Fox News host Mark Levin has been critical of individuals who oppose his views on foreign policy, labeling them as “isolationists.” Yet, it seems he doesn’t grasp the term’s history and the broader American narrative of anti-imperialism and resistance to interventionism.
During a recent broadcast, Levin expressed concern about Republicans and conservatives questioning President Donald Trump’s stance on Iran. He stated, “We have a strong isolationism, reminiscent of the 1930s, asserting itself in the Democratic Party. It’s alarming that some Republicans are now fearful of this.” He painted the Democratic Party as isolationist, claiming they’re not aligned with American or Israeli interests, or even those of Gulf Arab nations. In his view, there’s a lack of Republican leaders willing to step up.
Levin also implied that the GOP may lean more toward isolationism once Trump isn’t in office, suggesting that any benefits from the ongoing conflict could vanish quickly.

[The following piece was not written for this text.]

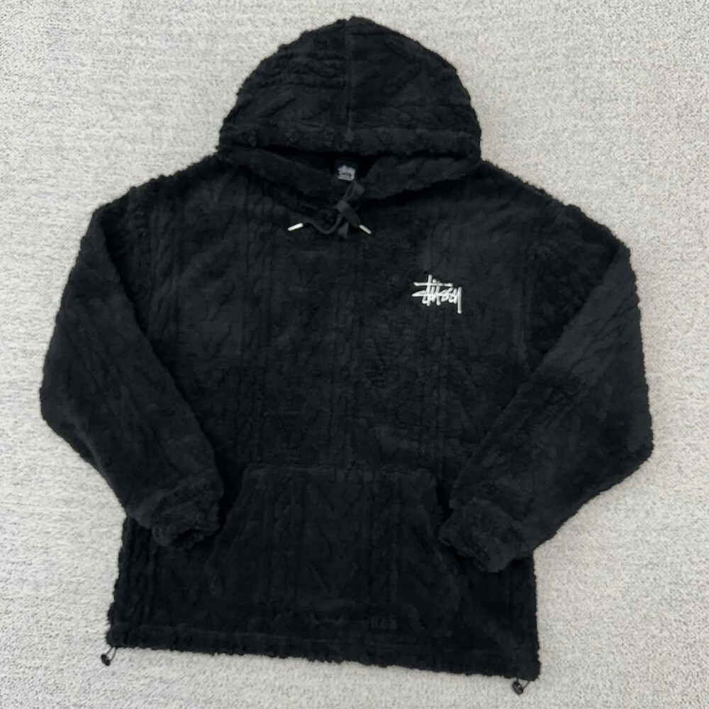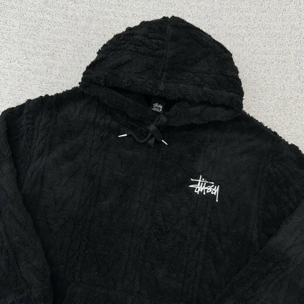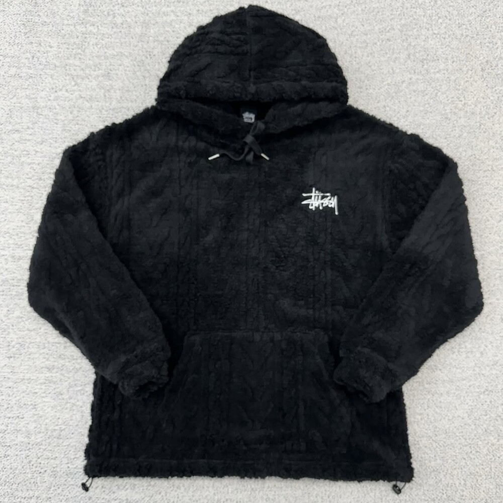 스투시 블랙 케이블 양털 후드

His guest, Keith Kellogg, a former special envoy to Ukraine, echoed Levin’s sentiments. Interestingly, while lamenting Americans’ short historical memory, he invoked simplistic comparisons to the 1930s and British Prime Minister Neville Chamberlain’s dealings with Hitler, as if American and world history began at that time.

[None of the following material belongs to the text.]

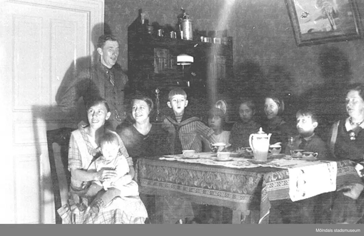 Julafton firas hemma hos familjen Karlsson på Kvarnfallet 31, 1930-tal. Från vänster Alma Karlsson med sonen Rolf i knät, Viktor Karlsson, barn samt släkt runt ett bord i vardagsrummet.

It seems both Levin and Kellogg might be unaware of the rich American history predating the 1930s, or they simply prefer not to engage with it. After all, acknowledging earlier anti-imperialist sentiments might label them as “isolationists” themselves.

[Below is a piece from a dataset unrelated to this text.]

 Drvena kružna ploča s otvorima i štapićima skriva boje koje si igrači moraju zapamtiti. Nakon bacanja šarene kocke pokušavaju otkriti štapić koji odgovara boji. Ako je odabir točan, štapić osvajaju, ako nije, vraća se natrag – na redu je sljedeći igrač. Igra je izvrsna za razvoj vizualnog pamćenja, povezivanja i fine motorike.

Most people think “isolationism” first appeared in American dialogue in the run-up to World War II, particularly with figures like Charles Lindbergh and the America First movement. However, its roots can actually be traced back to the late 19th century. The term emerged from the views of Captain Alfred Thayer Mahan, a staunch advocate for American imperialism, who pushed for overseas naval bases to support American trade and territorial expansion under President William McKinley.
Many Americans at that time weren’t entirely convinced about expanding the empire and worried about potential costs. For instance, Southern sugar producers feared competition from new territories like Puerto Rico and the Philippines. Historian Louis Gould noted that anti-imperialists came from diverse economic and political backgrounds, similar to those involved in the America First movement before WWII. Notable figures included William Jennings Bryan, Benjamin Harrison, and Andrew Carnegie.
Perhaps the best-known of these opponents was Mark Twain, who, alongside Carnegie and others, formed the American League Against Imperialism in 1898 as a response to the Spanish-American War. Twain later reflected on his earlier imperialist beliefs, realizing the true intent was conquest rather than liberation. He articulated this shift, explaining the need to let other nations govern themselves instead of imposing American rule.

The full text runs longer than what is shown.